- [What to produce]: The listing below holds pictures; exclude them. Return exactly the lines from the one with "Тапете за зид" through the one with "全场比赛结束,多特3-2击败霍芬海姆。".

- [The input]:
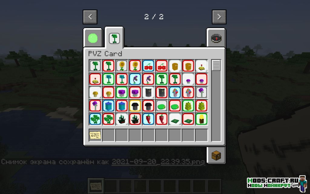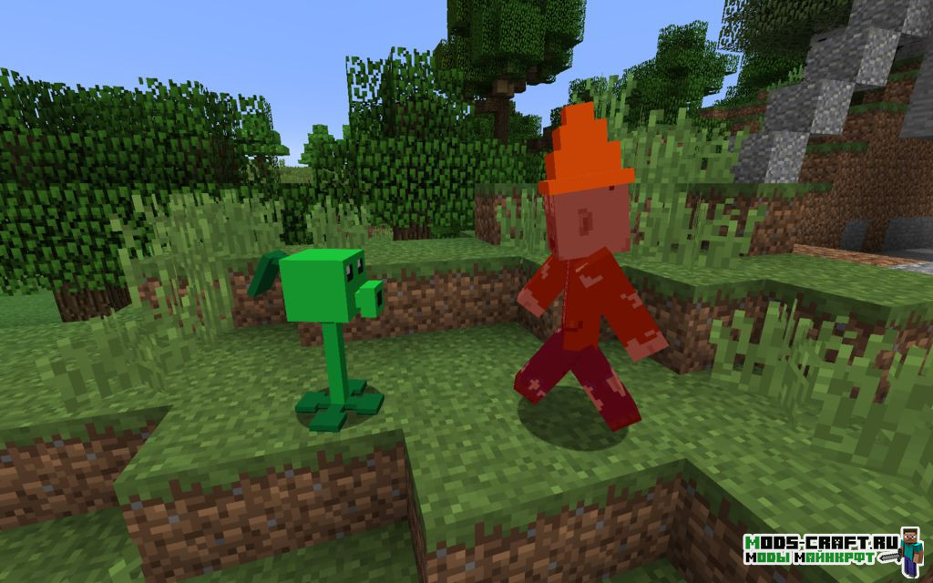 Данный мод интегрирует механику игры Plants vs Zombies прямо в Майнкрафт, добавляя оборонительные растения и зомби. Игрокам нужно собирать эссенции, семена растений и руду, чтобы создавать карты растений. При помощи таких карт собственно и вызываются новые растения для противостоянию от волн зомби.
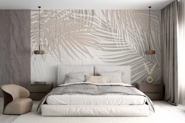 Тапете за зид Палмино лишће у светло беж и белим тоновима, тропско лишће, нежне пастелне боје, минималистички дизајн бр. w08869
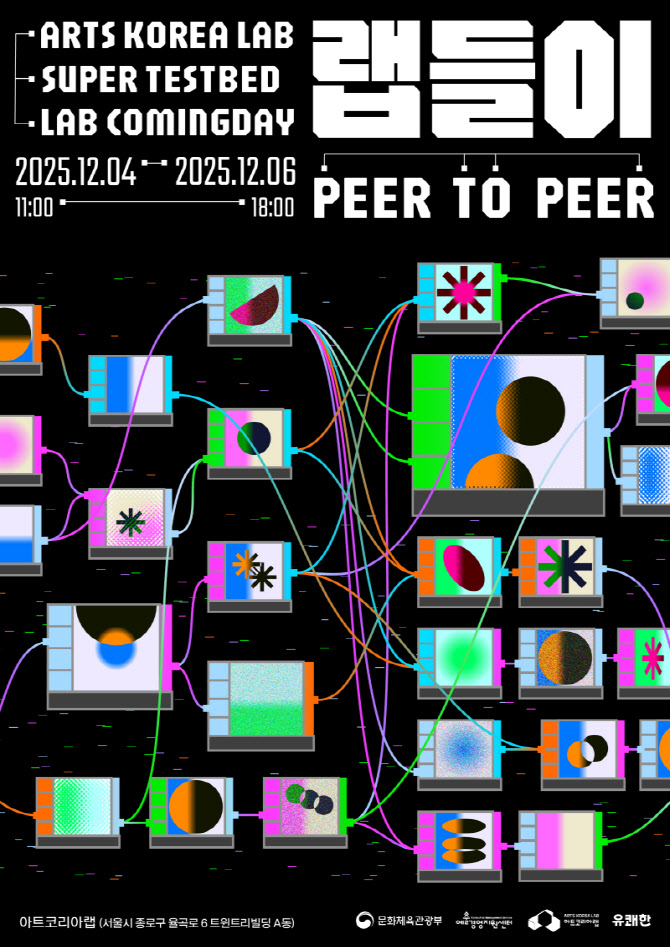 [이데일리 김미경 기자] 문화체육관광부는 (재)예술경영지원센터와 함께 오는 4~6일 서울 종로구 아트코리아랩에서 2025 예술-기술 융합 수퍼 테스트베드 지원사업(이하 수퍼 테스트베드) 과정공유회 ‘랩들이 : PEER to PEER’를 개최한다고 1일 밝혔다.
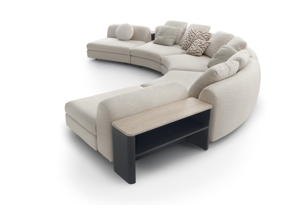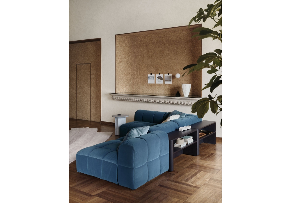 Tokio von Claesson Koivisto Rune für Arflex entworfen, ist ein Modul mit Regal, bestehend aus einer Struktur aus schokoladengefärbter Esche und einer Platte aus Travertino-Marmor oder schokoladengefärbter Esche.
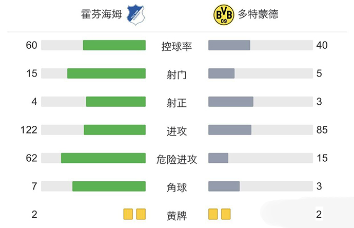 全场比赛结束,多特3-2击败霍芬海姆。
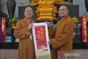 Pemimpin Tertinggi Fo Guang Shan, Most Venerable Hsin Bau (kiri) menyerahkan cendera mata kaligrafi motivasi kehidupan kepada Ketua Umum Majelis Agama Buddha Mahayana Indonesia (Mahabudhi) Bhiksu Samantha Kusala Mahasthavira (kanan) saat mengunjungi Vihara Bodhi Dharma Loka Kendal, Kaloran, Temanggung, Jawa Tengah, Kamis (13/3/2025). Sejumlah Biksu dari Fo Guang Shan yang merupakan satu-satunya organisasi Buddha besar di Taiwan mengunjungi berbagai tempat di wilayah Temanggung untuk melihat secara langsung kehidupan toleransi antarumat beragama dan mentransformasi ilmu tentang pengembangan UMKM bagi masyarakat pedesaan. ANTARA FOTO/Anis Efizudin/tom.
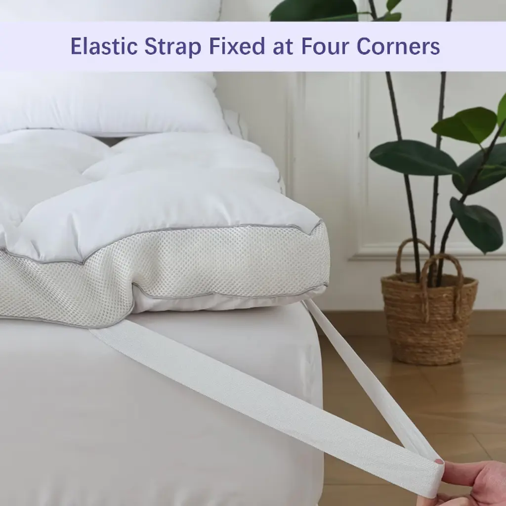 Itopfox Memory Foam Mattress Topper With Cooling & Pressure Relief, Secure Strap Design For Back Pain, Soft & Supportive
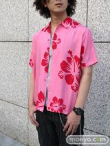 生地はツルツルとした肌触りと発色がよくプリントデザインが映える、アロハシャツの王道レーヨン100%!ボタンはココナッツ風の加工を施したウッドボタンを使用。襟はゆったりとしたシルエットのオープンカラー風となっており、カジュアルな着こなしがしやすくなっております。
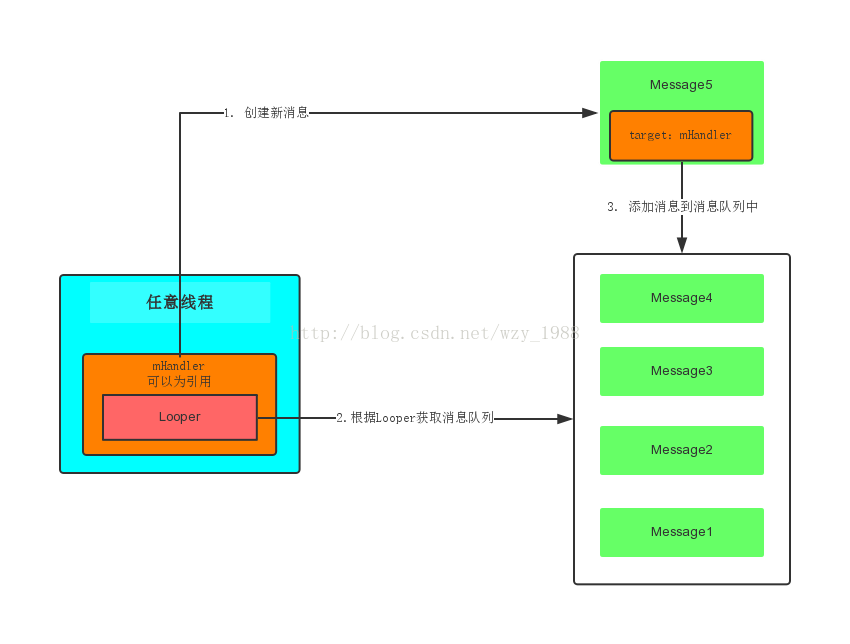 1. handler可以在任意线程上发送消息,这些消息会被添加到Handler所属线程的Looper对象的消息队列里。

- [Result]:
 Тапете за зид Палмино лишће у светло беж и белим тоновима, тропско лишће, нежне пастелне боје, минималистички дизајн бр. w08869
 [이데일리 김미경 기자] 문화체육관광부는 (재)예술경영지원센터와 함께 오는 4~6일 서울 종로구 아트코리아랩에서 2025 예술-기술 융합 수퍼 테스트베드 지원사업(이하 수퍼 테스트베드) 과정공유회 ‘랩들이 : PEER to PEER’를 개최한다고 1일 밝혔다.
 Tokio von Claesson Koivisto Rune für Arflex entworfen, ist ein Modul mit Regal, bestehend aus einer Struktur aus schokoladengefärbter Esche und einer Platte aus Travertino-Marmor oder schokoladengefärbter Esche.
 全场比赛结束,多特3-2击败霍芬海姆。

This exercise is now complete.